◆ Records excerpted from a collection
-- Opening Marker --
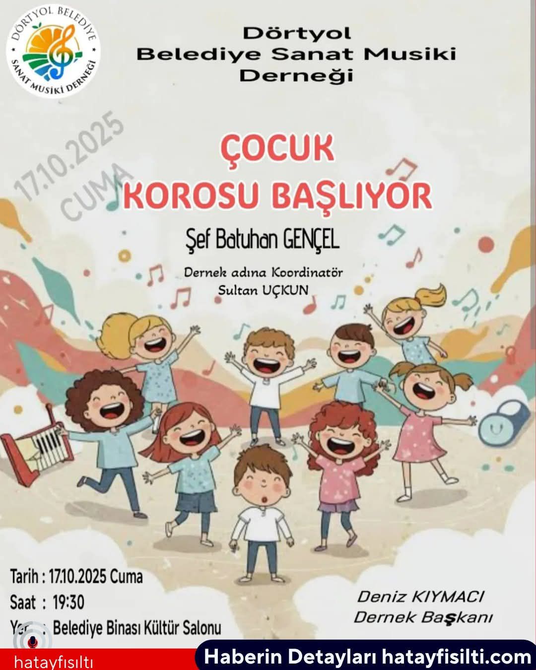 Dörtyol Belediyesi, 17 Ekim 2025 Cuma akşamı düzenlenecek özel etkinlikle çocuklara keyifli ve sanat dolu anlar yaşatacak. Sınırlı kontenjanla gerçekleşecek programda müzik ve neşe bir araya gelecek.
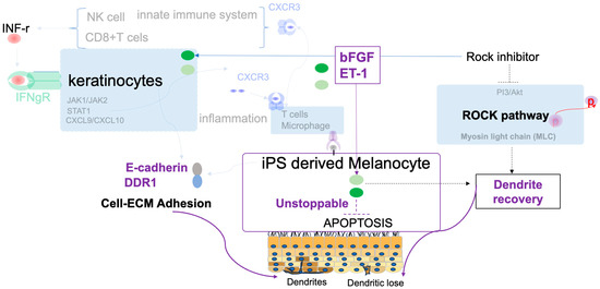 iPS; melanocyte; keratinocyte; co-culture; ROCK inhibitor; IFN-γ; Vitiligo; bFGF; ET-1; dendrites 1. Introduction
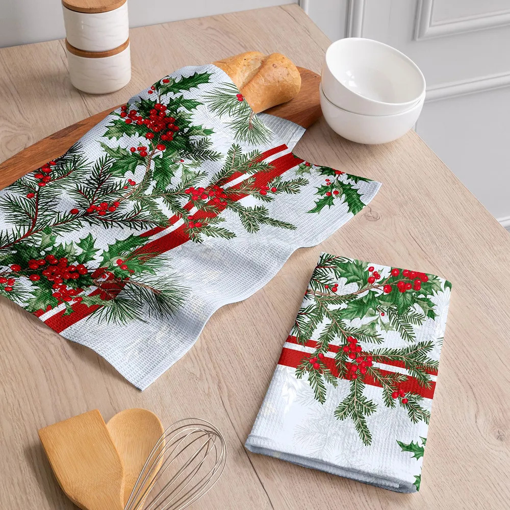 качество без недостатков классные В данный момент этот товар отсутствует в продаже. Возможно, у нас найдется аналогичный или похожий товар здесь. Серия: Natale Обновите интерьер вашей кухни с помощью набора полотенец «Mia Cara» в оригинальном дизайне. Этот комплект состоит из двух прекрасных кухонных полотенец размером 50×70 см, которые идеально впишутся в любую кухонную обстановку, придавая ей уют и стиль. Удобный размер делает эти полотенца универсальными для использования как в процессе приготовления пищи, так и в уборке после. Полотенца изготовлены из качественного материала, который обеспечивает отличное впитывание и долговечность. Их можно использовать для различных нужд: от вытирания рук после мытья до протирания посуды. Вафельная текстура полотенец обеспечивает дополнительные преимущества, такие как быстросохнущие свойства и легкость в уходе.
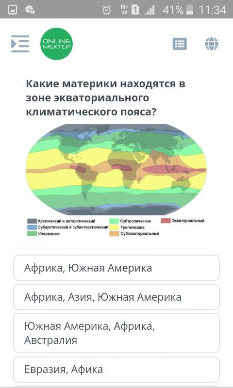 Какие материки находявляется в зоне экваторного климатического пояса ?
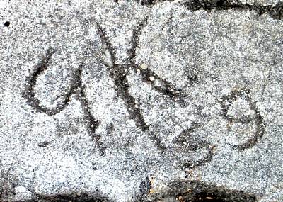 1969' (son Tim) and then the word 'BRIDGET' (Gene’s younger daughter) faintly inscribed nearby. We were dumbfounded and very moved that here was a record literally set in stone, of possibly the happiest parts of Gene's life in that house. What fun he must have had through the years, making the footprint and the initials with those he loved.
-- Closing Marker --
Only lines belong in the copy, not pictures: write out exactly the lines of the records from the first through the one holding "iPS; melanocyte; keratinocyte;".

 Dörtyol Belediyesi, 17 Ekim 2025 Cuma akşamı düzenlenecek özel etkinlikle çocuklara keyifli ve sanat dolu anlar yaşatacak. Sınırlı kontenjanla gerçekleşecek programda müzik ve neşe bir araya gelecek.
 iPS; melanocyte; keratinocyte; co-culture; ROCK inhibitor; IFN-γ; Vitiligo; bFGF; ET-1; dendrites 1. Introduction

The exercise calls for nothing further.